Linux as A Musician's OS?
lazyeye writes "Keyboard Magazine has an in-depth article about the state of music production on Linux. While it does introduce Linux to the average musician, the article does get into some of the available music applications and music-oriented Linux distributions out there. From the opening paragraph 'You might think there's no way a free operating system written by volunteers could compete when it comes to music production. But in the past couple of years, all the tools you need to make music have arrived on Linux.'"

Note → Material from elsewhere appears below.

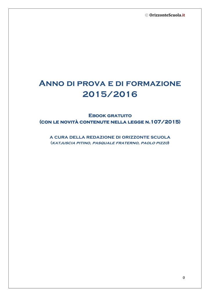 © OrizzonteScuola.it Anno di prova e di formazione 2015/2016 Ebook gratuito (con le novità novità contenute nella legge n.107/2015 n.107/2015) 107/2015) a cura della redazione di orizzonte scuola (katjuscia pitino, pasquale fraterno, paolo pizzo) 0 © OrizzonteScuola.it INDICE 1. Anno di prova e di formazione: tra novità e conferme (PAOLO PIZZO) ............................................................................................................. .2 2. Anno di prova e di formazione e documentazione di rito (PASQUALE FRATERNO) ........................................................................................... 4 3. Anno di prova: periodi di servizio utili a raggiungere i 180 giorni (PAOLO PIZZO) ...................................................................................... 6 4. Anno di prova: quante volte è possibile rimandarlo se non si raggiungono i 180 gg. di servizio (PAOLO PIZZO) ................................. 7 5. Anno di prova: quante volte è possibile rimandarlo in caso di valutazione negativa (PAOLO PIZZO).................................................... 9 6. Periodo di prova e di formazione per il docente che ottiene passaggio di cattedra o di ruolo (PAOLO PIZZO) ................................................... 9 7. Il comitato per la valutazione del servizio dei docenti (KATJUSCIA PITINO) ............................................................................................... 12 8. Membri comitato di valutazione e collaboratori del dirigente possono essere retribuiti (REDAZIONE) ............................................................ 17 9. Il nuovo percorso/modello sperimentale di formazione in ingresso (PAOLO PIZZO) .................................................................................... 18 1 © OrizzonteScuola.it ANNO DI PROVA E DI FORMAZIONE: TRA NOVITÀ E CONFERME (PAOLO PIZZO) Il personale docente e direttivo della scuola e delle istituzioni educative è nominato in prova. La nomina decorre dalla data di inizio dell’anno scolastico. Il personale docente così nominato, è ammesso a un anno di formazione, che è valido come periodo di prova (art. n. 437 del D.L.vo 16.04.1994 n. 297). Il personale docente, all’atto dell’assunzione in ruolo, che avviene con la stipula del contratto di lavoro a tempo indeterminato, deve sostenere il periodo di prova allo scopo di ottenere la conferma in ruolo. La prova è dunque il periodo durante il quale quale questo personale deve prestare servizio. Il periodo di prova è considerato servizio di ruolo in tutti i sensi e dispiega, pertanto, effetti per il regime delle assenze, per la progressione dell’anzianità ai fini della carriera ecc. Solo dopo il superamento superamento del periodo di prova, è possibile che il personale confermato in ruolo possa chiedere la ricostruzione di carriera, i cui effetti decorrono dal momento stesso della conferma (art. n. 490 del D.L.vo 16.04.1994 n. 297). Nell’anno scolastico in cui si è stati stati assunti a tempo indeterminato, la sede di servizio è provvisoria. Nel corso del medesimo anno, secondo la tempistica e le procedure dettate dal MIUR, il personale presenterà la domanda di trasferimento ed eventualmente, in un secondo momento, istanza di assegnazione/utilizzo (tali procedure, procedure, se confermate anche per il 2015/16, non sono vincolate al superamento dell’anno di prova). La legge 107/2015 all’art. 1 commi 116-119 ha disciplinato le procedure relative all’anno anno di prova dei docenti assunti a tempo indeterminato: indeterminato 2 © OrizzonteScuola.it “116. 116. Il superamento del periodo di formazione e di prova è subordinato allo svolgimento del servizio effettivamente prestato per almeno centottanta giorni, dei quali almeno centoventi per le attività didattiche. 117. Il personale docente ed educativo in periodo di formazione e di prova è sottoposto a valutazione da parte del dirigente scolastico, sentito il comitato per la valutazione istituito ai sensi dell'articolo 11 del testo unico di cui al decreto legislativo 16 aprile 1994, n. 297, come sostituito dal comma 129 del presente articolo, sulla base dell'istruttoria di un docente al quale sono affidate dal dirigente scolastico le funzioni di tutor. 118. Con decreto del Ministro dell'istruzione, dell'università e della ricerca sono individuati gli obiettivi, le modalità di valutazione del grado di raggiungimento degli stessi, le attività formative e i criteri per la valutazione del personale docente ed educativo in periodo di formazione e di prova. 119. In caso di valutazione negativa del periodo di formazione e di prova, il personale docente ed educativo è sottoposto ad un secondo periodo di formazione e di prova, non rinnovabile. 120. Continuano ad applicarsi, in quanto compatibili con i commi da 115 a 119 del presente articolo, gli articoli da 437 a 440 del testo unico di cui al decreto legislativo 16 aprile 1994, n. 297.” La novità introdotta è quella che richiede, nell’ambito dei 180 giorni validi per il compimento del periodo di prova, che almeno 120 siano stati prestati per le attività didattiche. didattiche Per il resto, nulla è innovato, pertanto rimangono in vigore, per quanto compatibili con le nuove norme, gli articoli da 437 a 440 del T.U. 297/94. 297/94 3 © OrizzonteScuola.it È altresì riconfermata la procedura di formazione, con il modello 20142015: 50 ore complessive, in presenza e a distanza, attività peer to peer e laboratori didattici coordinati dai tutor. Forse l'unica novità potrebbe essere rappresentata dalla volontà di far partire i corsi durante l'anno scolastico, e non alla fine. ANNO DI PROVA E DI FORMAZIONE E DOCUMENTAZIONE DI RITO (PASQUALE FRATERNO) Il Personale Docente all’atto della nomina in ruolo = dopo aver sottoscritto il contratto individuale di lavoro a tempo indeterminato = è tenuto ad espletare una serie di adempimenti e presentazione di documenti: OBBLIGATORI che dimostrano i requisiti per l

I have just recorded and mixed a live album with this software on Ubuntu Feisty:
http://ardour.org/
http://jackaudio.org/
http://www.ffado.org/ (aka Freebob) with a Mackie Onyx desk & firewire interface
http://jamin.sourceforge.net/
Very very good indeed, I vastly prefer it to my previous Windows based Cubase setup.
Rosegarden: Pretty good.
Ardour: The 2.0 release (just out last week) is AWESOME! Get it!
CSound: I like to leave my programming mind behind when I'm working on music.
Sooperlooper: very cool
Freewheeling: also cool
Music distros this summer ought to be pretty good - with new releases scheduled for many of the music distributions.
What bothers me the most these days is plugins and soft synths. There are not enough plugins, the ones we have (like swh-plugins, tap-plugins, caps-plugins, and cmt) aren't heavily optimized for modern architectures (I just spent a weekend working on that) and not enough people out there do dsp programming (myself included) to really gain critical mass for the "perfect EQ" or the "perfect reverb". Still, the plugin solutions are adaquate, just not generally something to rave about. If you know a dsp programmer bored in his day job, show him 64 studio or Studio to go and try to enlist his/her help!
Soft Synths are coming along. Linuxsampler is very nice. Bristol is coming along. There are quite a few more.
I think Linux music is on the brink of plausible promise. I've got 16 tracks of live audio working almost flawlessly right now.
If you are both a programmer and a musician, you will probably like Lilypond a lot (most things that it doesn't do by itself can be tweaked by writing Scheme scripts), but it probably will not be popular with the average musician. The system is much like (or better, is built out of) TeX -- you prepare a plaintext file with the appropriate commands, then run lilypond on it and get a finished MIDI and/or PDF (and DVI, if you want it) file. If you're a programmer and don't know music theory, you'll likely be bogged down by the required terminology -- you indicate the key with commands like "\key a \major", so unless you know that 3 sharps is A, you're out of luck. There are some frontends, but I haven't used them extensively. I can generate a score very quickly and with high quality in Lilypond, so haven't really looked any further.